11. Operating Margin
Asana’s expensive cost structure has contributed to an average operating margin of negative 29.3% over the last year. Unprofitable, high-growth software companies require extra attention because they spend heaps of money to capture market share. As seen in its fast historical revenue growth, this strategy seems to have worked so far, but it’s unclear what would happen if Asana reeled back its investments. Wall Street seems to think it will face some obstacles, and we tend to agree.
Over the last two years, Asana’s expanding sales gave it operating leverage as its margin rose by 9 percentage points. Still, it will take much more for the company to reach long-term profitability.

This quarter, Asana generated a negative 34.8% operating margin.
12. Cash Is King
Although earnings are undoubtedly valuable for assessing company performance, we believe cash is king because you can’t use accounting profits to pay the bills.
Asana has shown weak cash profitability over the last year, giving the company limited opportunities to return capital to shareholders. Its free cash flow margin averaged 9.2%, subpar for a software business.

Asana’s free cash flow clocked in at $13.43 million in Q3, equivalent to a 6.7% margin. Its cash flow turned positive after being negative in the same quarter last year, but we wouldn’t put too much weight on the short term because investment needs can be seasonal, causing temporary swings. Long-term trends carry greater meaning.
Over the next year, analysts predict Asana’s cash conversion will improve. Their consensus estimates imply its free cash flow margin of 9.2% for the last 12 months will increase to 13.8%, it options for capital deployment (investments, share buybacks, etc.).
13. Balance Sheet Assessment
One of the best ways to mitigate bankruptcy risk is to hold more cash than debt.

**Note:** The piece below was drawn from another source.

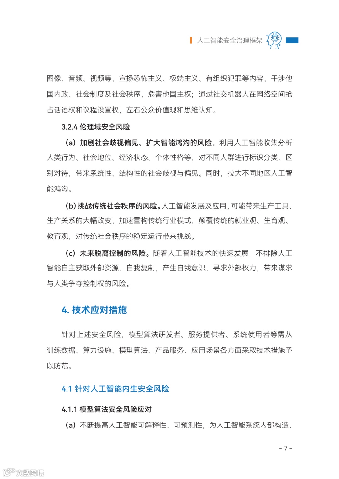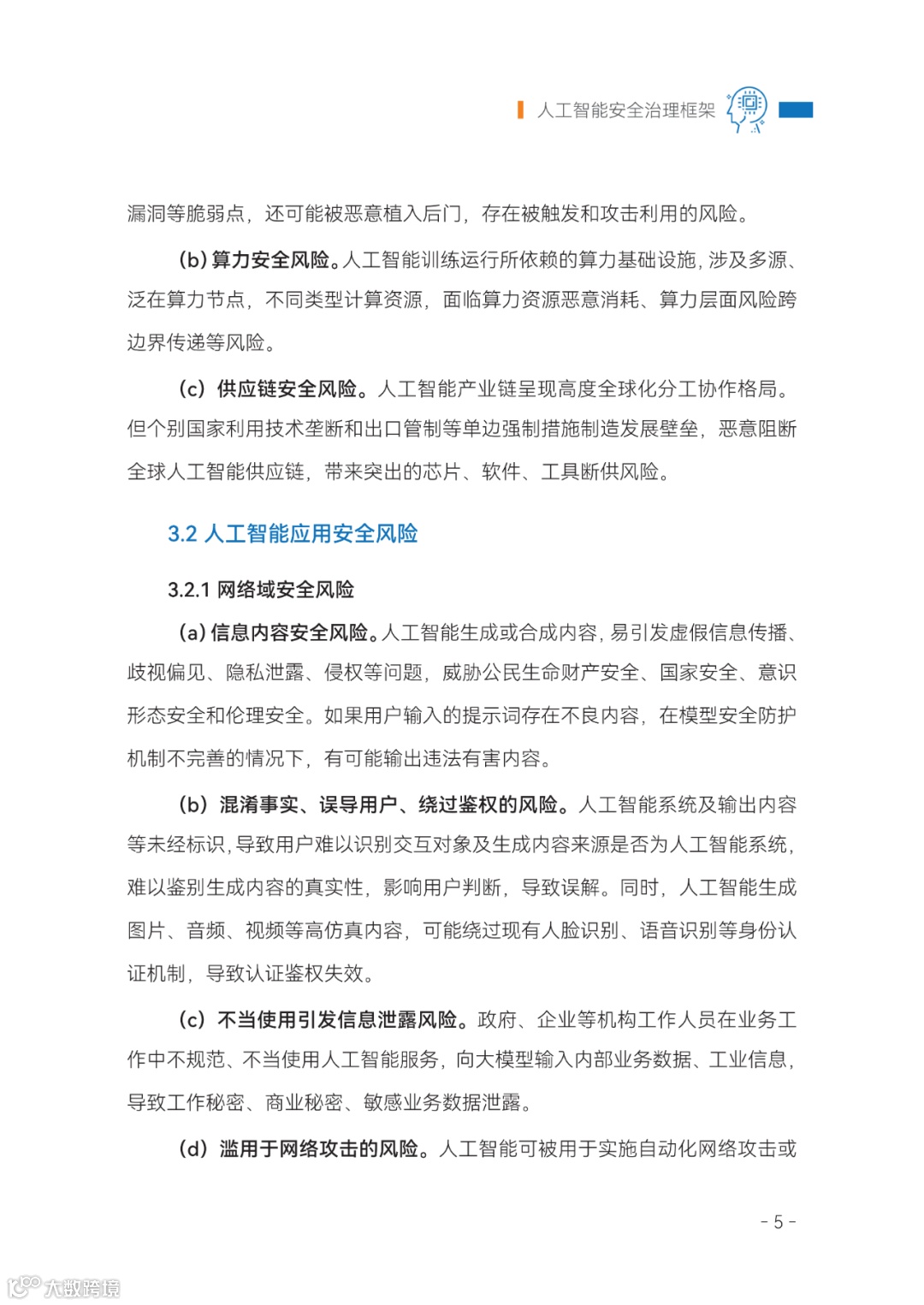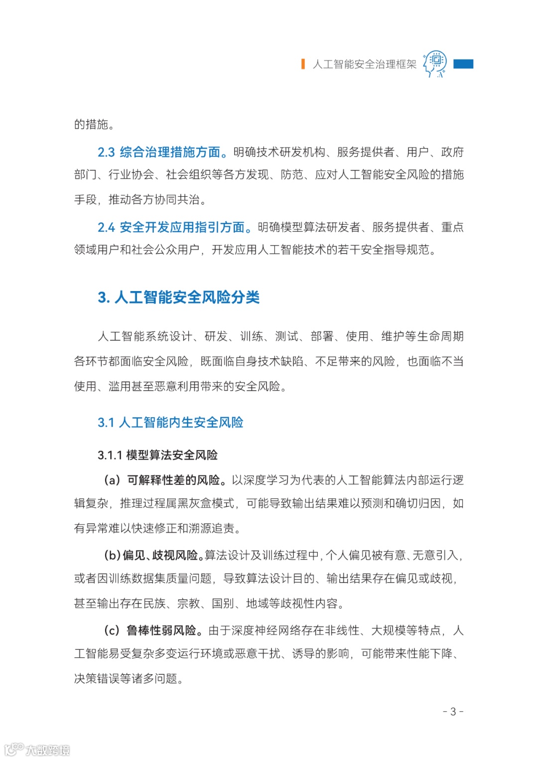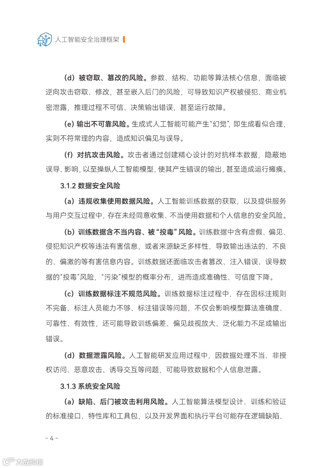 据报道,《人工智能安全治理框架》是贯彻《全球人工智能治理倡议》提出的分级分类、敏捷治理、共治共享等理念的细化深化,紧密结合人工智能技术特性,从内生、应用两个维度分析人工智能风险,从模型、数据、系统以及网络、现实、认知、伦理等角度,提出相应技术应对和综合治理措施,以推动政府、国际组织、企业、科研院所、民间组织和公民个人等各方,就人工智能安全治理达成共识。

Asana is a well-capitalized company with $463.6 million of cash and $250 million of debt on its balance sheet. This $213.7 million net cash position is 6.4% of its market cap and gives it the freedom to borrow money, return capital to shareholders, or invest in growth initiatives. Leverage is not an issue here.
14. Key Takeaways from Asana’s Q3 Results
We were impressed by Asana’s optimistic EPS guidance for next quarter, which blew past analysts’ expectations. We were also glad its full-year EPS guidance trumped Wall Street’s estimates. Overall, we think this was a decent quarter with some key metrics above expectations. The stock traded up 5% to $14.11 immediately following the results.
15. Is Now The Time To Buy Asana?
Updated: December 4, 2025 at 9:03 PM EST
Are you wondering whether to buy Asana or pass? We urge investors to not only consider the latest earnings results but also longer-term business quality and valuation as well.
Asana doesn’t pass our quality test. Although its revenue growth was strong over the last five years, it’s expected to deteriorate over the next 12 months and its operating margins reveal poor profitability compared to other software companies. And while the company’s admirable gross margin indicates excellent unit economics, the downside is its software has low switching costs and high turnover.
Asana’s price-to-sales ratio based on the next 12 months is 4.1x. This multiple tells us a lot of good news is priced in - we think there are better opportunities elsewhere.
Wall Street analysts have a consensus one-year price target of $15.76 on the company (compared to the current share price of $14.12).